Mediation analysis revealed that the impact of habitat variability on perceived livability for minorities [zero-order r(161) = 0.55; B(158) = 0.025; P < 0.01; CI = 0.007 to 0.043] is partially mediated by governance quality [B(158) = 0.026; bootstrap CI = 0.012 to 0.045] and own habitat satisfaction [B(158) = 0.013; CI = 0.006 to 0.021], rather than national wealth [B(158) = 0.012; bootstrap CI = -0.004 to 0.026]. Thus, national wealth acts as a modifier rather than a mediator. Subsequent conditional process analysis, detailed in Table 1, showed that habitat variability has a direct effect on perceived livability for minorities [B(159) = 0.029; P < 0.01; CI = 0.011 to 0.047], as well as a wealth-modified effect that is mediated by governance quality [index of modified mediation = 0.012; CI = 0.007 to 0.017] rather than own habitat satisfaction [index of modified mediation = 0.002; CI = -0.003 to 0.008] (total R2 = 0.57). These wealth-modified mediation effects also generalized across minority groups, with total R2 values ranging from 0.18 to 0.66 (Ps< 0.001; see S8–S11 Tables in S1 File). As discussed later, the effect sizes varied due to the differing direct effects of habitat variability and own habitat satisfaction.

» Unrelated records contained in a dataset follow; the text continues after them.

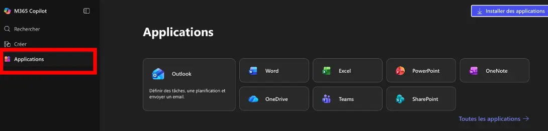 1-Accéder à toutes vos applications Microsoft :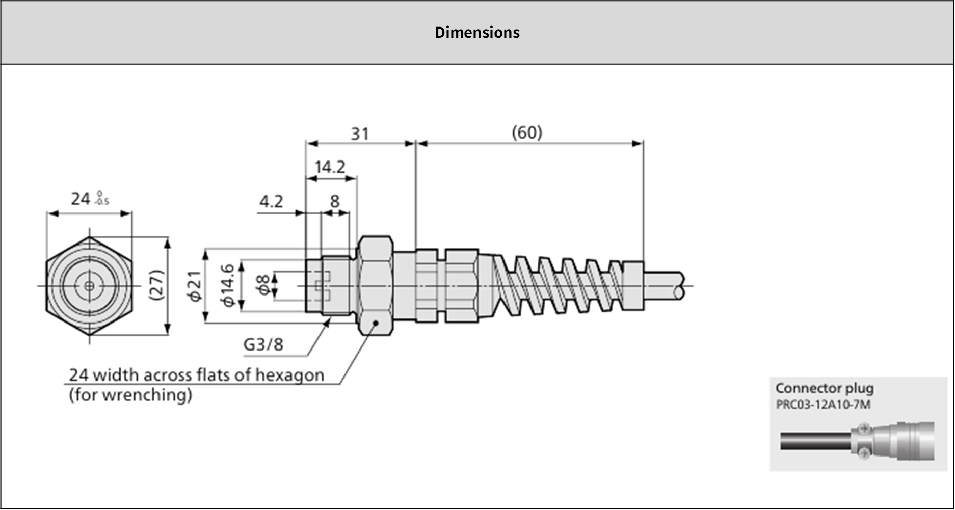 0.3mm², 4-core shielded chloroprene cable, 3m, outer diameter 7.6mm, connector plug at tip PRC03-12A10-7M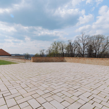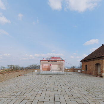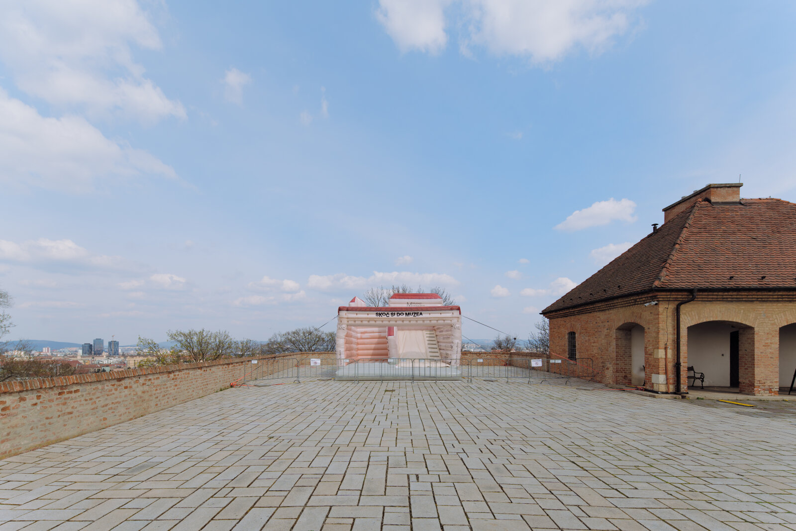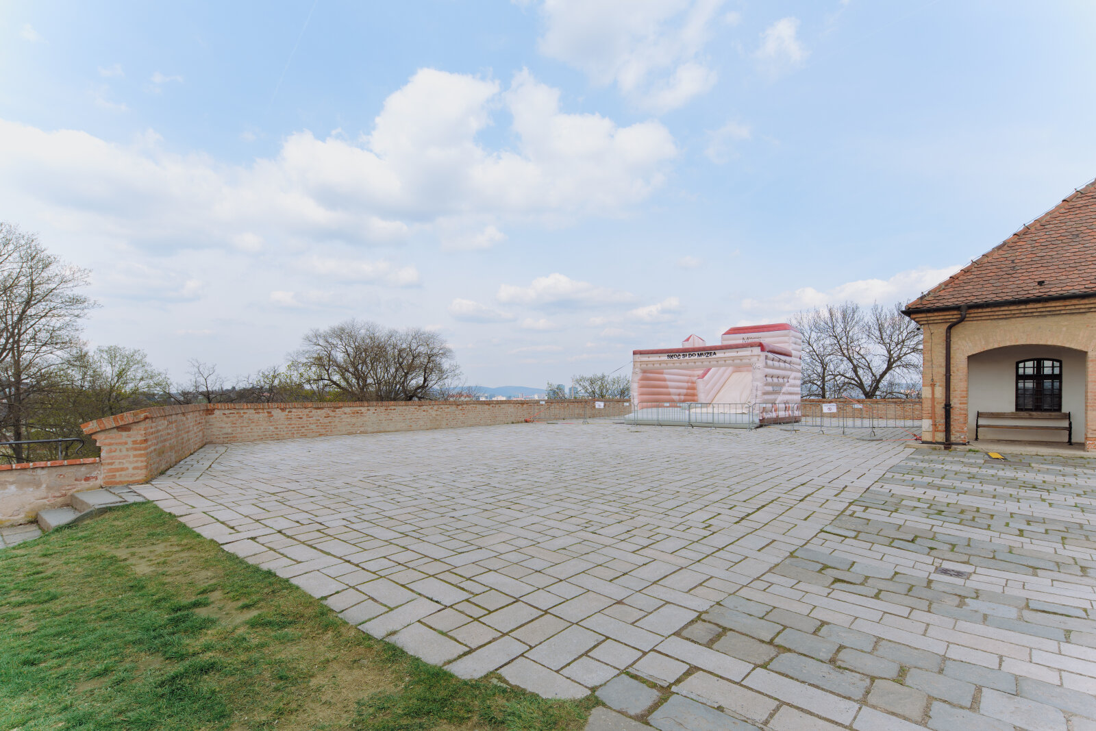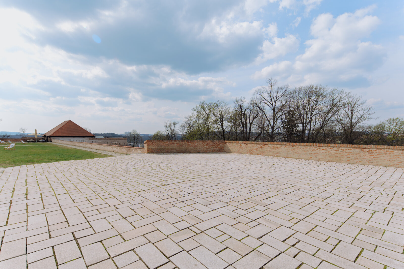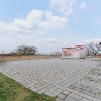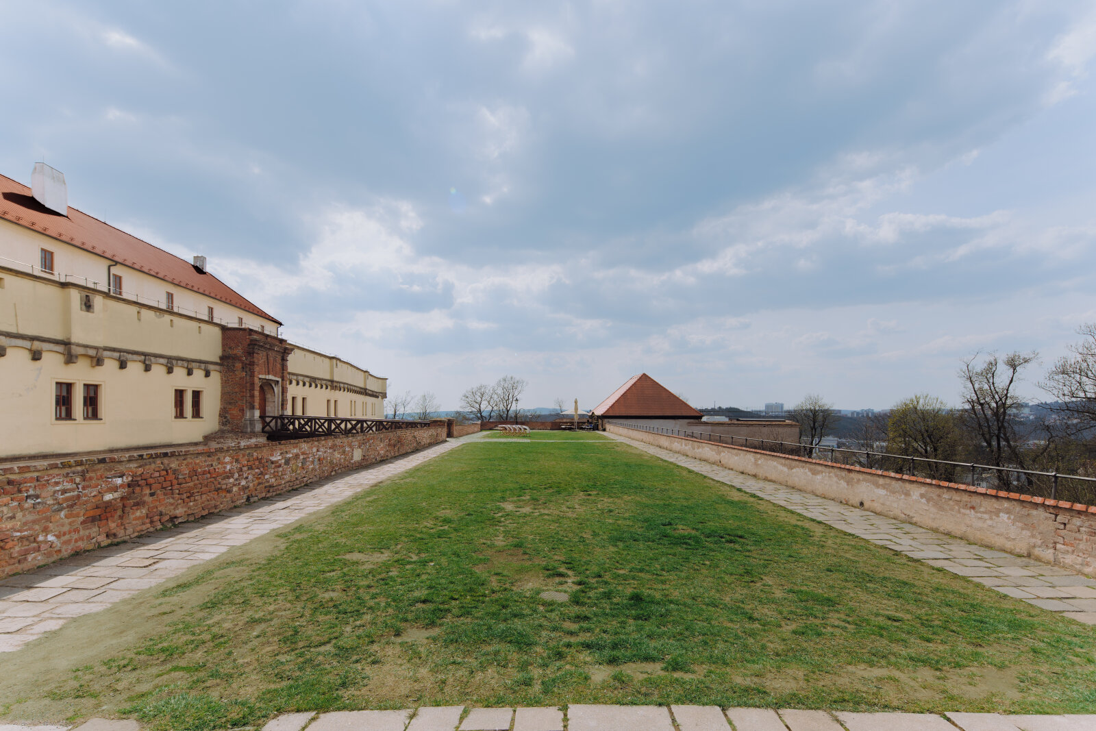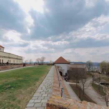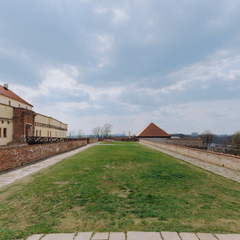 Historická pevnostní plošina s výhledem na město a zeleň Špilberského parku.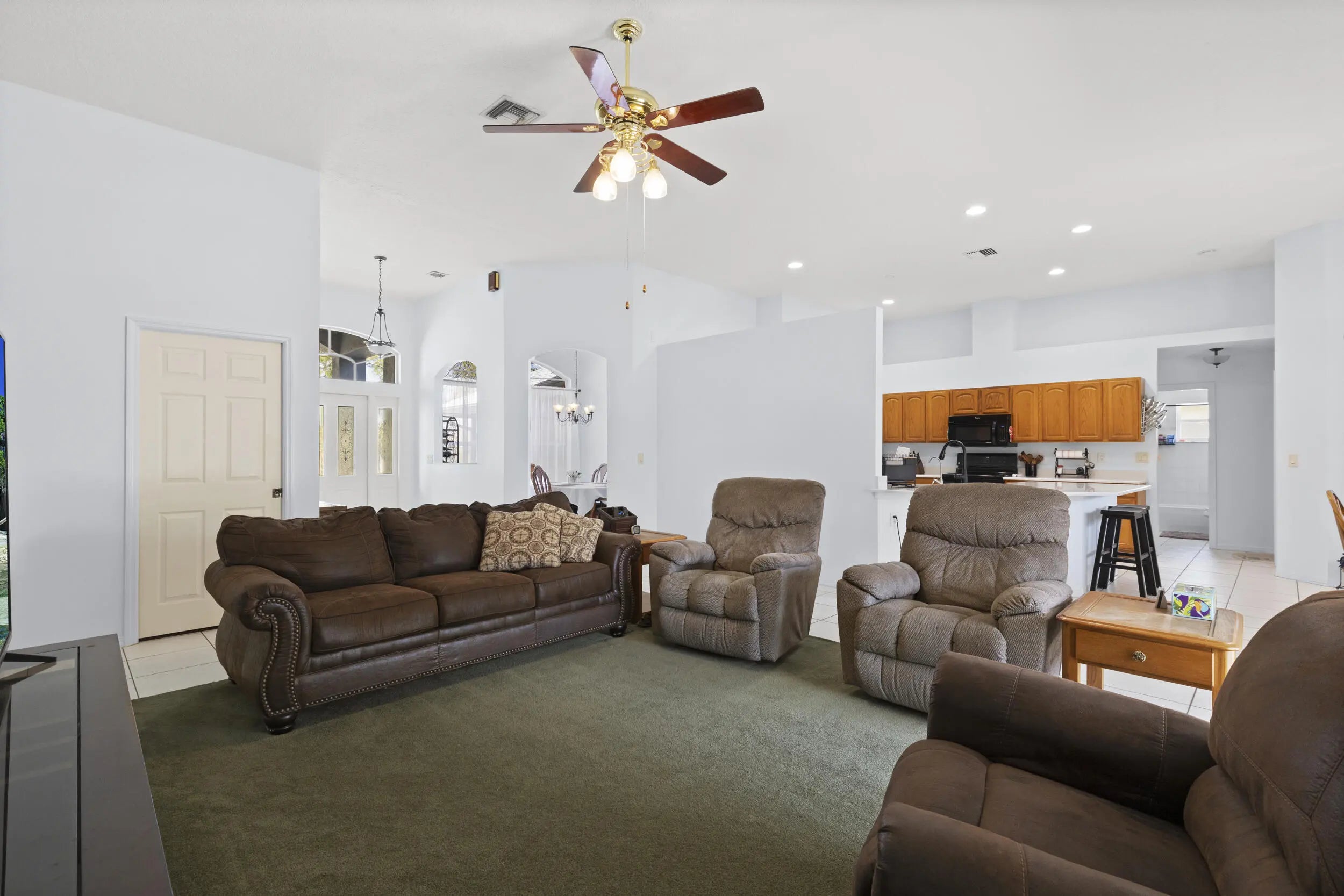 Welcome to The Acreage! This solid CBS construction home offers 3 bedrooms, 2 baths plus a private office convertable to 4th Bedroom., Has 3,103 total square feet and 2,380 sq ft under air. Vaulted ceilings and a spacious open layout creates a bright, comfortable living space. The oversized kitchen features abundant cabinet storage and flows seamlessly into the main living areas. Enjoy a desirable split-bedroom floor plan with a huge primary suite, walk-in closets, and fresh interior paint throughout. Relax year-round in the covered and enclosed patio. The home also features a 2-car attached garage and mature fruit trees, with plenty of room to enjoy the property. Room for Camper & Boat, Build a Guest house ad a pool. Original Owner

[Figure omitted. See PDF.]
These results support the substantive validity of the complex natural ecology of perceived livability for minorities, in part because the relatively prejudice-free measure of respondents’ own habitat satisfaction was taken into consideration as a comparison baseline. Contrary to the uncertainty reduction theory and in line with the flexible systems theory, livability is generally perceived as better for minorities in more variable habitats. Additionally, there is partial support for the climato-economic theory of freedom, as increases in perceived livability for minorities are larger in relatively rich societies compared to poorer societies (Fig 4; S1–S4 Figs in S1 File). However, contrary to climato-economic theorizing, perceived livability for minorities was generally higher among the relatively poor living in more variable habitats. A systems-theoretical explanation of this unexpected finding is that more variable cold habitats have historically fostered greater flexibility through economic development [5,30–33], leading to more favorable livability views among the relatively poor in more variable habitats.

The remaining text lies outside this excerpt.